Надоело быть жертвой? Стань профи по информационной безопасности, получай самую свежую информацию об угрозах и средствах защиты от ведущего российского аналитического центра Anti-Malware.ru:

----------


## PavelA

Смотреть надо "Просмотр событий"



> Тот же фиг:
> 
> 	Код:
> 	Microsoft Windows [Version 6.1.7601]
> (c) Корпорация Майкрософт (Microsoft Corp.), 2009. Все права защищены.
> 
> C:\Windows\system32>ping 127.0.0.1
> 
> Обмен пакетами с 127.0.0.1 по с 32 байтами данных:
> ...


Это говорит о проблемах именно с TCP/IP 

Чем дальше, тем больше я прихожу к необходимости переустановки системы. Хотя бы поверху.

----------


## Justlogin

> Смотреть надо "Просмотр событий"


Ок, вечером приду с работы, скину что там есть.

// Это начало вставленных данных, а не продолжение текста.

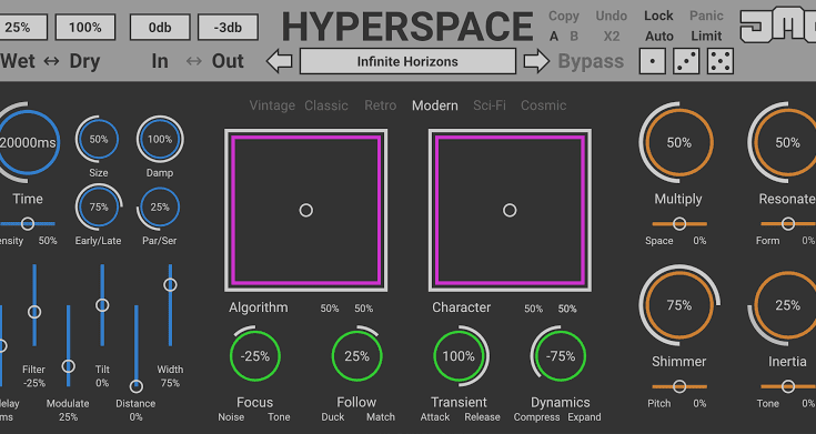 HyperSpace is an algorithmic reverb that allows the user to create algorithms consisting of various processors. The modes “Vintage”, “Classic”, “Retro”, “Modern”, “Sci-Fi” and “Space” allow you to combine various algorithms with endless possibilities. HyperSpace enriches your tracks with many colors.
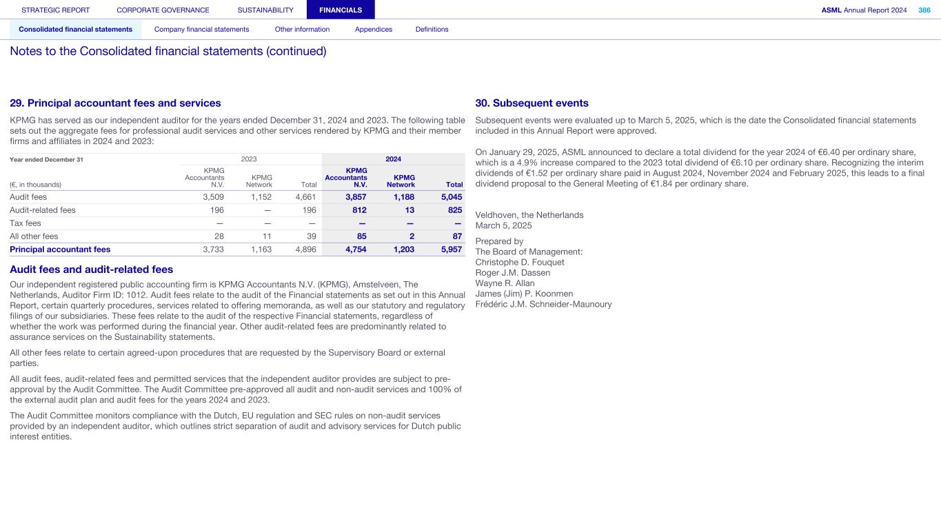 29. Principal accountant fees and services KPMG has served as our independent auditor for the years ended December 31, 2024 and 2023. The following table sets out the aggregate fees for professional audit services and other services rendered by KPMG and their member firms and affiliates in 2024 and 2023: Year ended December 31 2023 2024 (€, in thousands) KPMG Accountants N.V. KPMG Network Total KPMG Accountants N.V. KPMG Network Total Audit fees 3,509 1,152 4,661 3,857 1,188 5,045 Audit-related fees 196 — 196 812 13 825 Tax fees — — — — — — All other fees 28 11 39 85 2 87 Principal accountant fees 3,733 1,163 4,896 4,754 1,203 5,957 Audit fees and audit-related fees Our independent registered public accounting firm is KPMG Accountants N.V. (KPMG), Amstelveen, The Netherlands, Auditor Firm ID: 1012. Audit fees relate to the audit of the Financial statements as set out in this Annual Report, certain quarterly procedures, services related to offering memoranda, as well as our statutory and regulatory filings of our subsidiaries. These fees relate to the audit of the respective Financial statements, regardless of whether the work was performed during the financial year. Other audit-related fees are predominantly related to assurance services on the Sustainability statements. All other fees relate to certain agreed-upon procedures that are requested by the Supervisory Board or external parties. All audit fees, audit-related fees and permitted services that the independent auditor provides are subject to pre- approval by the Audit Committee. The Audit Committee pre-approved all audit and non-audit services and 100% of the external audit plan and audit fees for the years 2024 and 2023. The Audit Committee monitors compliance with the Dutch, EU regulation and SEC rules on non-audit services provided by an independent auditor, which outlines strict separation of audit and advisory services for Dutch public interest entities. 30. Subsequent events Subsequent events were evaluated up to March 5, 2025, which is the date the Consolidated financial statements included in this Annual Report were approved. On January 29, 2025, ASML announced to declare a total dividend for the year 2024 of €6.40 per ordinary share, which is a 4.9% increase compared to the 2023 total dividend of €6.10 per ordinary share. Recognizing the interim dividends of €1.52 per ordinary share paid in August 2024, November 2024 and February 2025, this leads to a final dividend proposal to the General Meeting of €1.84 per ordinary share. Veldhoven, the Netherlands March 5, 2025 Prepared by The Board of Management: Christophe D. Fouquet Roger J.M. Dassen Wayne R. Allan James (Jim) P. Koonmen Frédéric J.M. Schneider-Maunoury STRATEGIC REPORT CORPORATE GOVERNANCE SUSTAINABILITY FINANCIALS ASML Annual Report 2024 386 Consolidated financial statements Company financial statements Other information Appendices Definitions Notes to the Consolidated financial statements (continued)

> Это говорит о проблемах именно с TCP/IP


Ну WinSock'и же мы пробовали уже мучать. При удалении и переустановке протокола - ноль подсечки. При копировании с другого компьютера - этот виснет когда кабель вставляешь.

Я тут подумал - может заменить оба этих раздела, но только не с другого компьютера, а с этого же самого, но когда вставлен другой винт, на который я чистую систему неделю назад ставил и все работает? Просто на флешку может быть скопировать WinSock и WinSock2 оттуда, а потом подтыкнуть старый винт и в безопасном режиме эти ветки заменить?




> Чем дальше, тем больше я прихожу к необходимости переустановки системы. Хотя бы поверху.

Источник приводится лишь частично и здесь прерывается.